本試料は,黒色から褐色を帯ぴた有機物片を非常に多く産出し,花粉・胞子化石もそれに混じって産出する。花粉・胞子化石の保存状態は悪く,続成作用または風化作用を受けて化石の外膜が薄く溶けている。花粉・胞子化石の構成比はシダ類胞子が非常に多く,これに次いで木本花粉,草本花粉,不明花粉の順に産出する。シダ類胞子では属・科不詳のため他のシダ類胞子(other Pteridophyta)として一括したものが非常に多く,シダ類胞子の大部分を占める。その他にゼンマイ属,ヒカゲノカズラ属などが産出する。木本花粉ではコナラ属コナラ亜属(以後,コナラ亜属と記す)が多産し,ツガ属がこれに続く。その他に,クマシデ属−アサダ属,ハンノキ属,カバノキ属,ハシバミ属,マツ属単維管束亜属,コウヤマキ属などが産出する。

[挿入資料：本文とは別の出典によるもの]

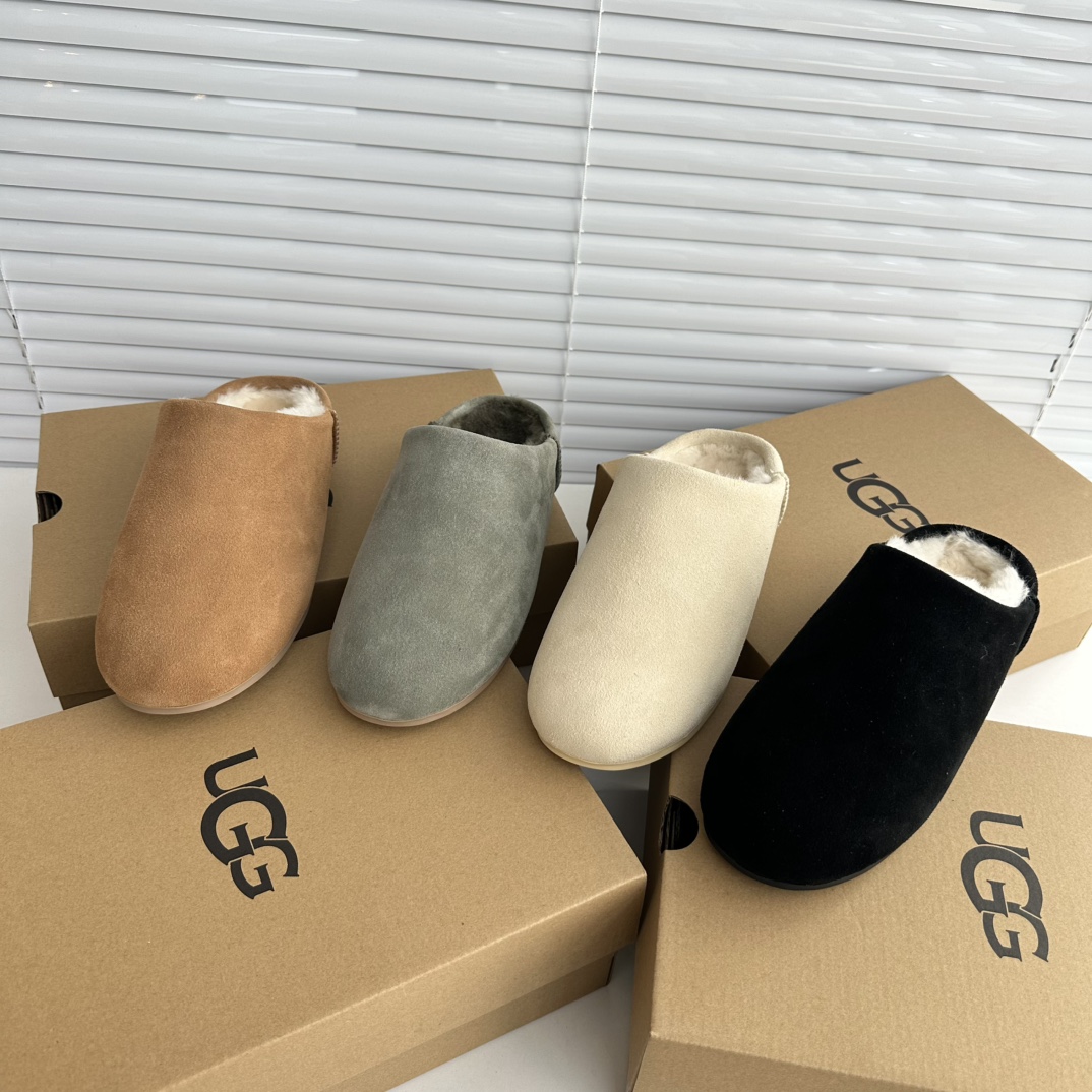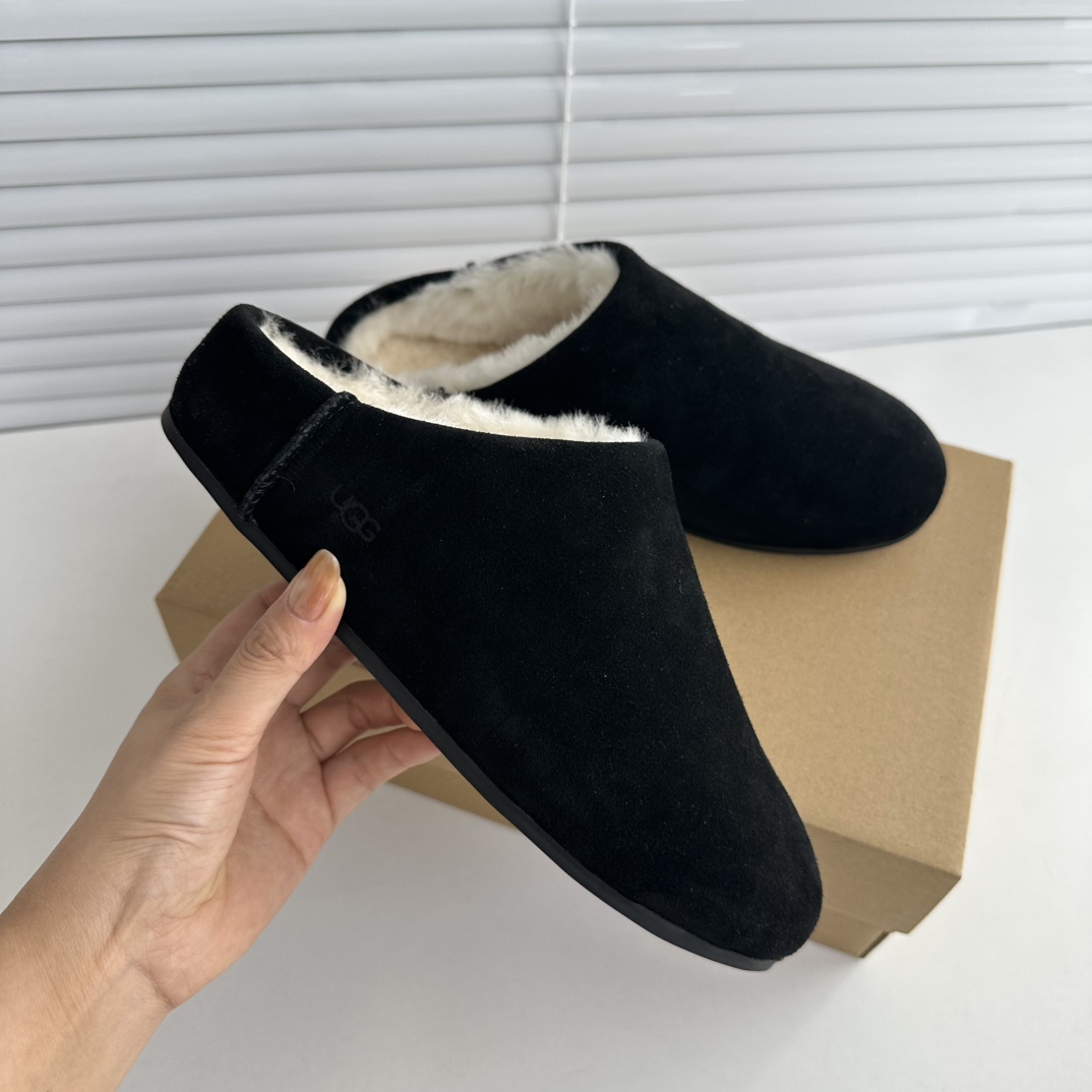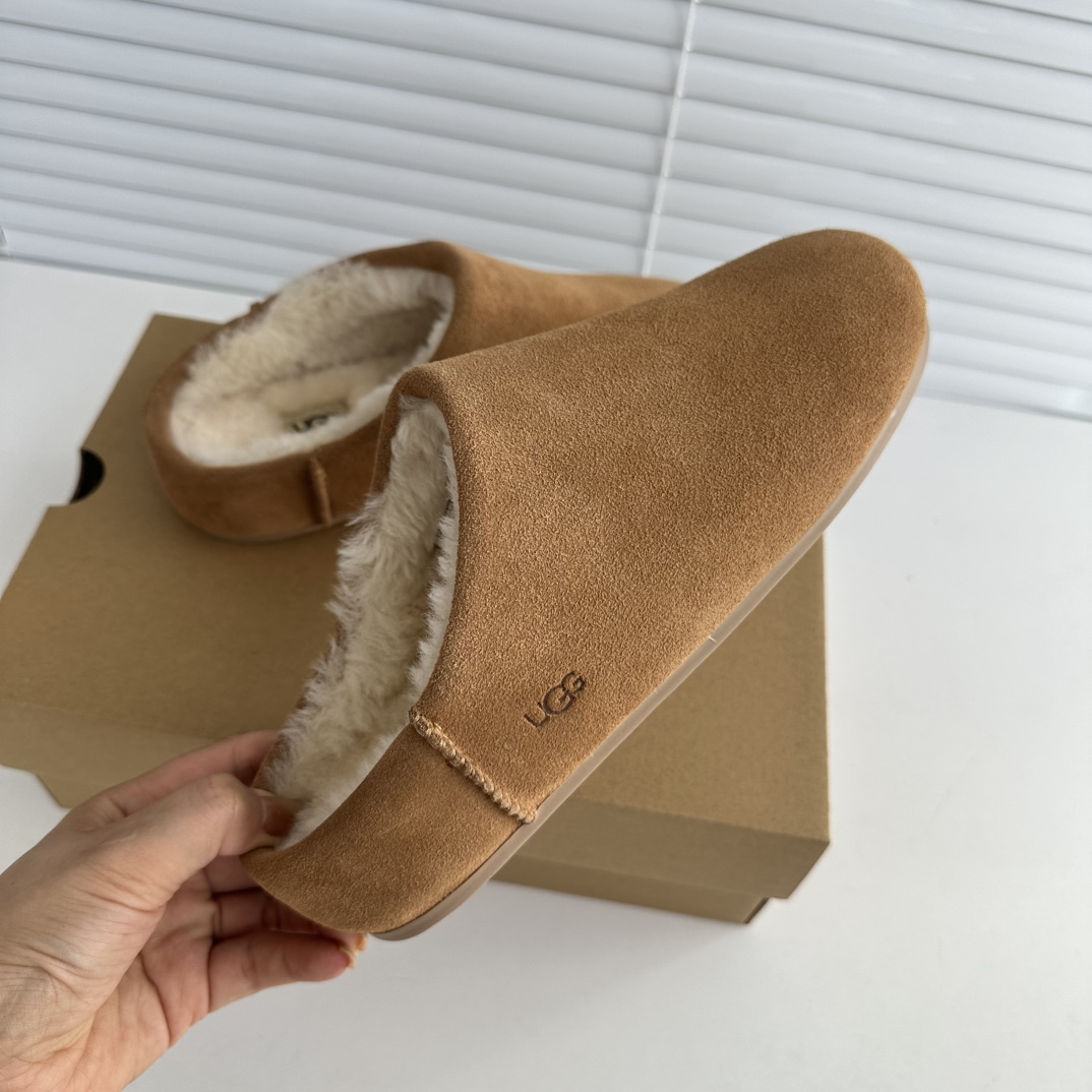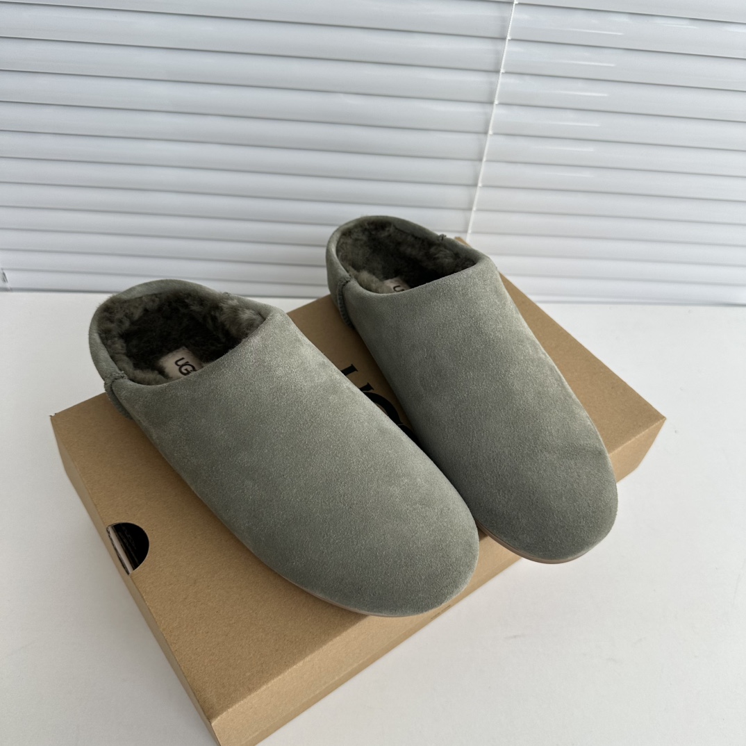 UGG 新款半拖刚到仓就被抢爆!美式复古鞋型自带滤镜,厚实牛翻毛鞋面摸上去全是质感,后跟热压花 logo 低调又显贵 内里踮脚是品牌专用隆丰羊皮毛一体!跟经典款同源的材质,软乎乎贴脚还能自然吸湿,早秋微凉天光脚穿都暖烘烘

草本花粉では,イネ科,ヨモギ属,キク亜科,カヤツリグサ科,キンポウゲ科,フウロソウ属,セリ科などが産出する。

花粉・胞子化石の保存状態が非常に悪いので,本試料の花粉化石群集は外膜の丈夫な花粉・胞子に偏っている可能性が考えられる。このことは,シダ類胞子が非常に多いことや産出する花粉化石のTaxa(種類)が少ないことからもうかがえる。花粉・胞子化石の保存状態が悪かった要因として,堆積後の環境が酸化的な(空気または酸素にされされる)状態であった可能性が高い。この様に,本試料の花粉化石群集が外膜の丈夫な花粉・胞子に偏っている可能性が考えられるが,木本花粉として100個体以上同定・計数できたのでこの結果から古環境,時代について推察する。

2)考察

古環境は,ナラ類などの落葉広葉樹を主体にした落葉広葉樹林の存在がうかがえる。この林には,針葉樹のツガ属,マツ属単維管束亜属(いわゆるゴヨウマツ類),コウヤマキ属,落葉広葉樹のクマシデ属−アサダ属,ハシバミ属,カバノキ属,ハンノキ属なども分布していたと推定される。これらの花粉化石の中には暖温帯に分布するシイ・カシ類が認められないことから,気候は冷涼であったと推定される。

京都盆地深泥池の研究によると,晩氷期以降の花粉化石群集は,10,000前以前のconifer−Betula(針葉樹−カバノキ属)時代,10,000〜7,700年前のLepidobalanus(コナラ亜属)時代,7,700〜5,000年前のLepidobalanus−Celtis−Aphananthe(コナラ亜属−エノキ属−ムクノキ属)時代,5,000〜2,000年前のCyclobalanopsis(アカガシ亜属)時代,2,000〜1,500?年前のCyclobalanopsis−Pinus−Cryptomeria(アカガシ亜属−マツ属−スギ属)時代,1,500?〜700?年前のPinus−Cryptomeria(マツ属−スギ属)時代,700?年前以降のCryptomeria(スギ属)時代のように変遷する(深泥池団体研究グループ,1976)。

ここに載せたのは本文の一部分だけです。